An array is an ordered collection of data items indexed by integer. It is not possible to be certain of anything more. Vote for this answer you believe this is the only reasonable outcome of this question.
An array:
is a finite collection of elements
the elements are ordered, and this is their only structure
elements of the same type
supported efficient random access
has no expectation of efficient insertions
may or may not support append
(1) differentiates arrays from things like iterators or generators. (2) differentiates arrays from sets. (3) differentiates arrays from things like tuples where you get an int and a string. (4) differentiates arrays from other types of lists. Maybe it's not always true, but a programmer's expectation is that random access is constant time. (5) and (6) are just there to deny additional requirements.

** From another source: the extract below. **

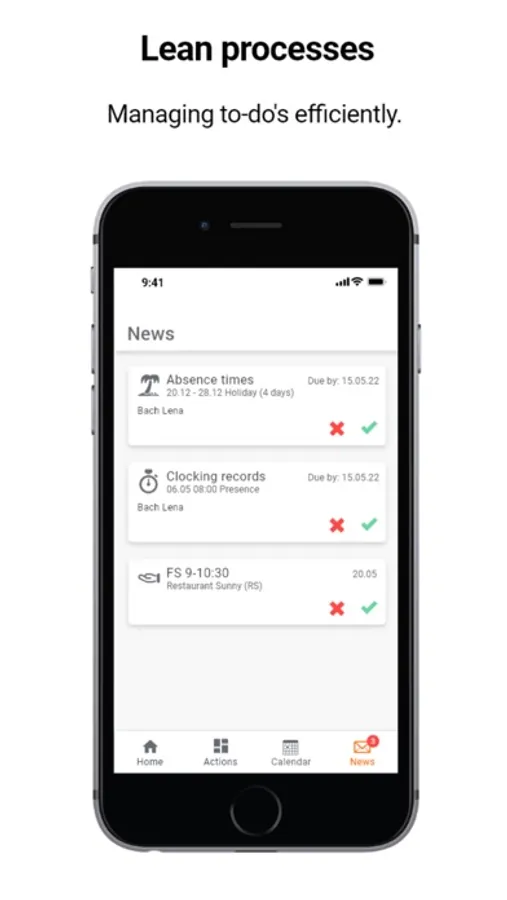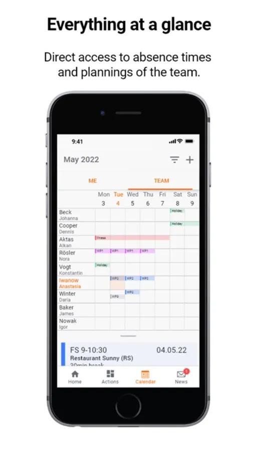 • Immediate viewing and editing of employee absences and schedules - simply on the go via the calendar. Clear and intuitive.

I would argue that a real array stores values in contiguous memory. Anything else is only called an array because it can be used like array, but they aren't really ("arrays" in PHP are definately not actual arrays (non-associative)). Vectors and such are extensions of arrays, adding additional functionality.
an array is a container, and the objects it holds have no any relationships except the order; the objects are stored in a continuous space abstractly (high level, of course low level may continuous too), so you could access them by slot[x,y,z...].
for example, per array[2,3,5,7,1], you could get 5 using slot[2] (slot[3] in some languages).
for a list, a container too, each object (well, each object-holder exactly such as slot or node) it holds has indicators which "point" to other object(s) and this is the main relationship; in general both high or low level the space is not continuous, but may be continuous; so accessing by slot[x,y,z...] is not recommended.
for example, per |-2-3-5-7-1-|, you need to do a travel from first object to 3rd one to get 5.